— Я вижу себя в молодости. Непонимающего мальчика — немного дерзкого, немного высокомерного — но наполненного только любовью. Ты ведешь себя так, не потому что хочешь внимания, а потому что это единственный способ, который ты знаешь, как справиться с ситуацией. Миру трудно понять таких людей, как мы.
— Ты ходишь так, будто на твоих плечах лежит бремя всего мира. С правильными людьми ты мягкий, с остальными — жесткий, и ты не принимаешь чужого дерьма. Я всегда пытался защитить Джоша от более суровых реалий нашего мира, но с тобой мне никогда не приходилось этого делать. Правда?
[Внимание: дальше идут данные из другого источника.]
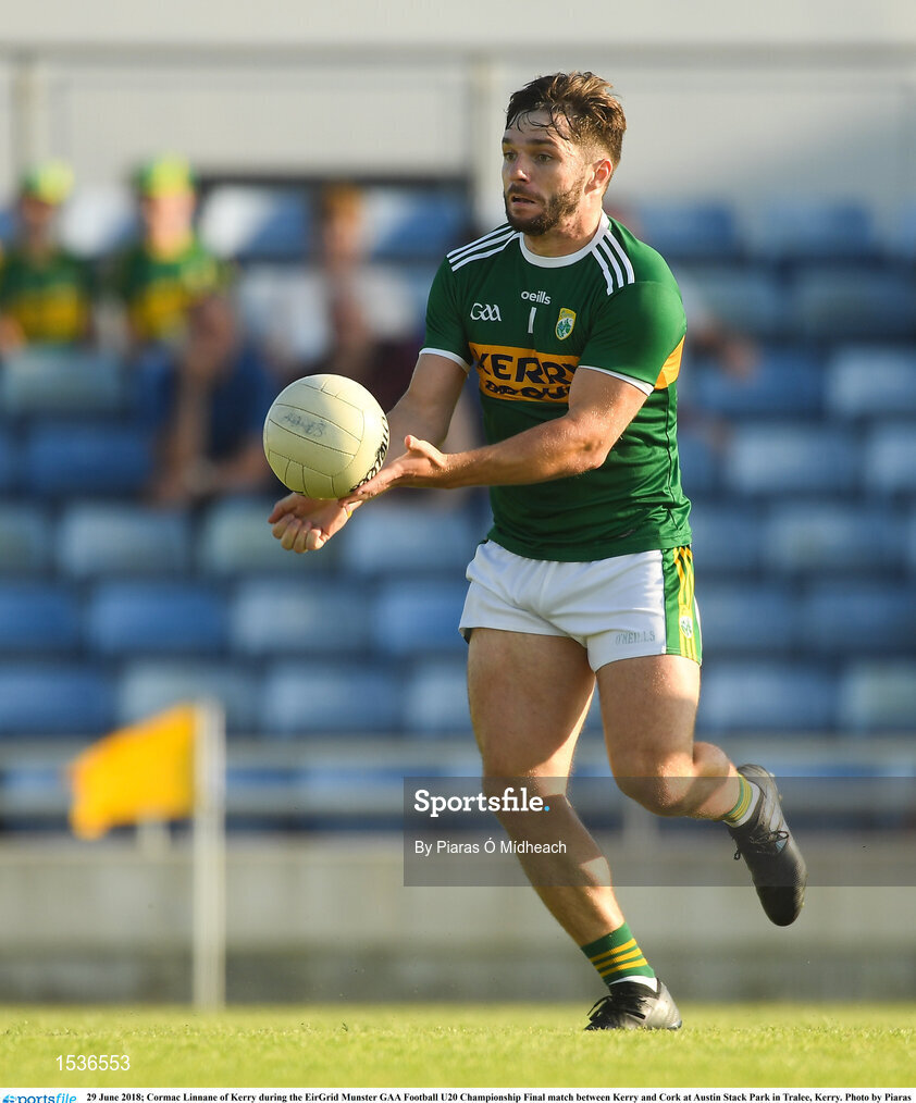 29 June 2018; Cormac Linnane of Kerry during the EirGrid Munster GAA Football U20 Championship Final match between Kerry and Cork at Austin Stack Park in Tralee, Kerry. Photo by Piaras Ó Mídheach/Sportsfile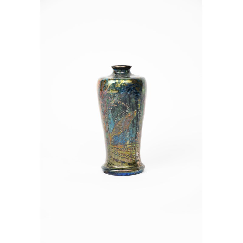 A Pilkington's Lancastrian lustre vase by Richard Joyce, dated 1919, slender, shouldered form painted with scaly fish swimming amongst waterweed, in golden lustre on a streaked blue and green lustre ground, impressed marks, painted artist cipher, 17.5cm. high

Я торжественно покачал головой.
Внешне я был точной копией дяди Вэнса. Тетя Джулия так громко ахнула, когда впервые увидела меня. Но мое отношение...
— Неужели я такой же, как ты в моем возрасте?
Я почувствовала его ухмылку, а не увидела ее.
— Я был хуже. Я не получил свои шрамы и коллекцию ножей, играя в хорошего, послушного сына. Я свел твоего деда с ума.
Его смешок прошелестел в груди и улегся во мне, как успокаивающий ритм. Я отстранился и снова моргнул... от волнения. Да, так оно и было.
Адамово яблоко дяди Вэнса поднималось и опускалось.
— Обещай мне только честность в дальнейшем. Я следил за вами с той минуты, как мы усыновили вас с Оливией. Я знаю, что ты торговал наркотиками, Кейд. Я заплатил кучу денег людям, на которых ты работал, чтобы они молчали и держались подальше от нас. Точно так же я заплатил копам, чтобы они держали в секрете твою маленькую ночь в Святой Виктории.
Я не должен был удивляться. Я старался сохранить свое прошлое в тайне, но он бы все равно догадался.
— Могу я хотя бы забрать свой фоторобот?
— Нет. Он мой. Я вставил его в рамку, и он стоит у меня на камине.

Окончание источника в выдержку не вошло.